─── SOURCE MATERIAL ───

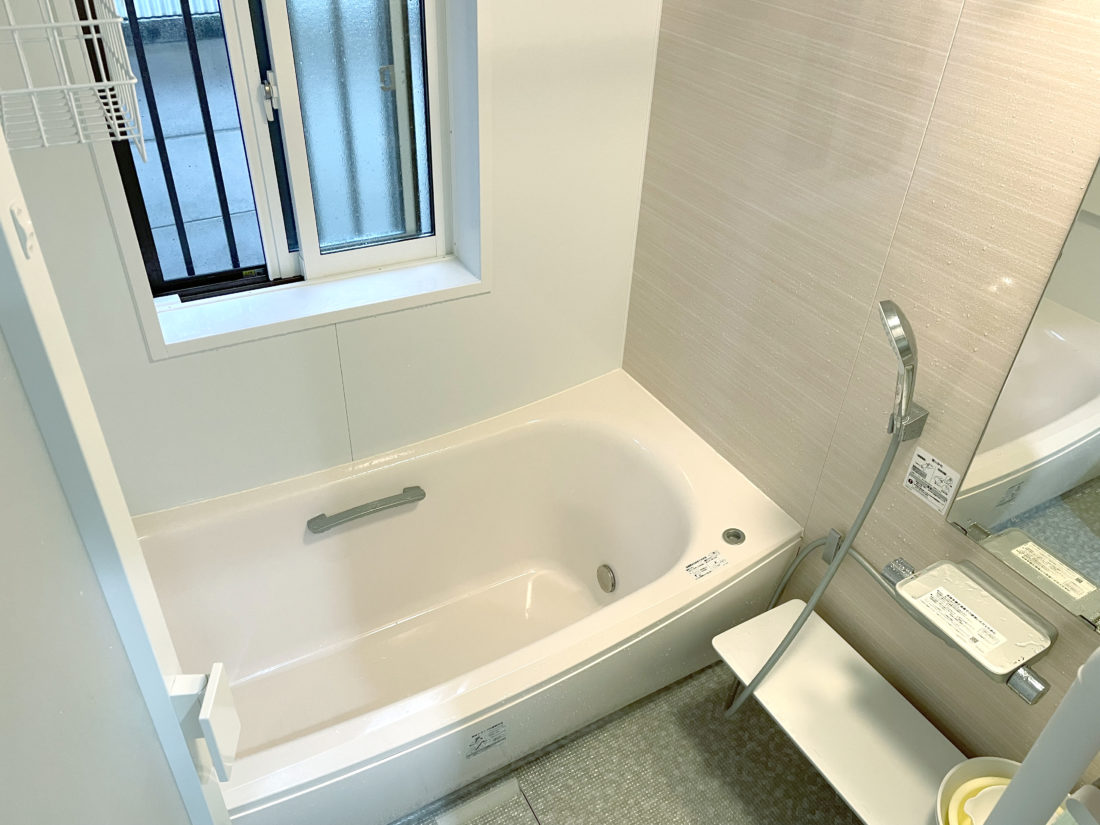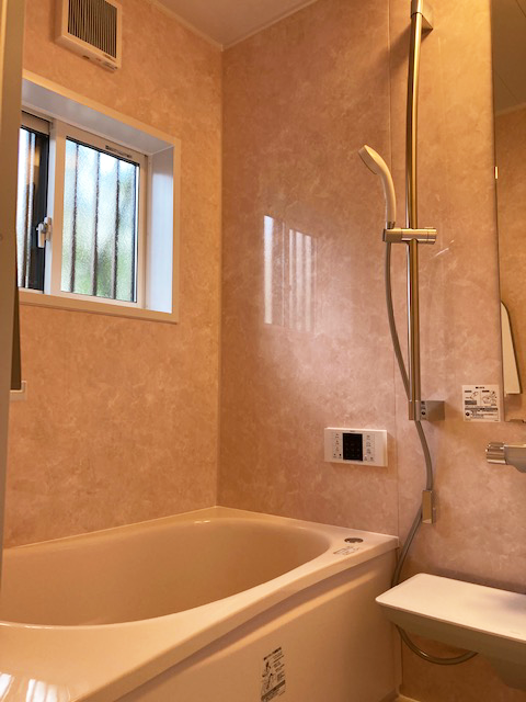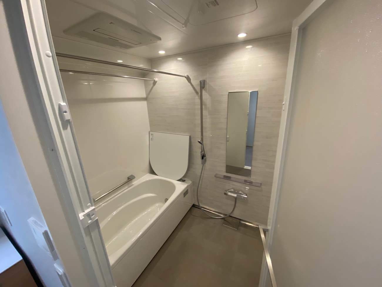 浴室パネルと床をグレー系でまとめ統一感を出しつつ、光沢のある天井に照明が反射して空間を明るく見せてくれています。あたたかさを逃がさないように浴室全体を保温材で完全防備!これで冬でもゆっくりあたたかいお風呂に入れますね♪
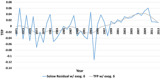 Once the LHS terms of Equation (A5) are known, implicit rate of return on capital can be computed. Roe et al. (2014) observe that we require no knowledge of the fixed factor other than its shadow or rental value used in the calculation of or utilize the value reported in the Global Trade Analysis Project (GTAP) data set. Therefore, the Solow’s residual for the sector employing the fixed factor H with technology is
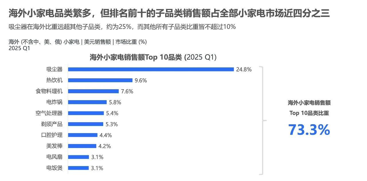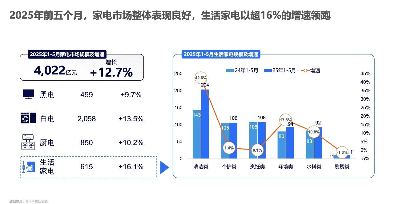 報(bào)告指出,海外小家電市場(chǎng)今年一季度整體微跌。中國(guó)在向內(nèi)擴(kuò)容消費(fèi),向外多元布局之下,今年前五個(gè)月家電市場(chǎng)整體表現(xiàn)良好,銷售額達(dá)到4022億元,同比增長(zhǎng)12.7%。生活家電以615億元的規(guī)模,超過(guò)16%的同比增速領(lǐng)跑,并呈現(xiàn)四大發(fā)展趨勢(shì)。

───

### WHAT YOU SHOULD DO
Across all the lines above, repeat the wording exactly and omit the pictures.

### RESPONSE
 浴室パネルと床をグレー系でまとめ統一感を出しつつ、光沢のある天井に照明が反射して空間を明るく見せてくれています。あたたかさを逃がさないように浴室全体を保温材で完全防備!これで冬でもゆっくりあたたかいお風呂に入れますね♪
 Once the LHS terms of Equation (A5) are known, implicit rate of return on capital can be computed. Roe et al. (2014) observe that we require no knowledge of the fixed factor other than its shadow or rental value used in the calculation of or utilize the value reported in the Global Trade Analysis Project (GTAP) data set. Therefore, the Solow’s residual for the sector employing the fixed factor H with technology is
 報(bào)告指出,海外小家電市場(chǎng)今年一季度整體微跌。中國(guó)在向內(nèi)擴(kuò)容消費(fèi),向外多元布局之下,今年前五個(gè)月家電市場(chǎng)整體表現(xiàn)良好,銷售額達(dá)到4022億元,同比增長(zhǎng)12.7%。生活家電以615億元的規(guī)模,超過(guò)16%的同比增速領(lǐng)跑,并呈現(xiàn)四大發(fā)展趨勢(shì)。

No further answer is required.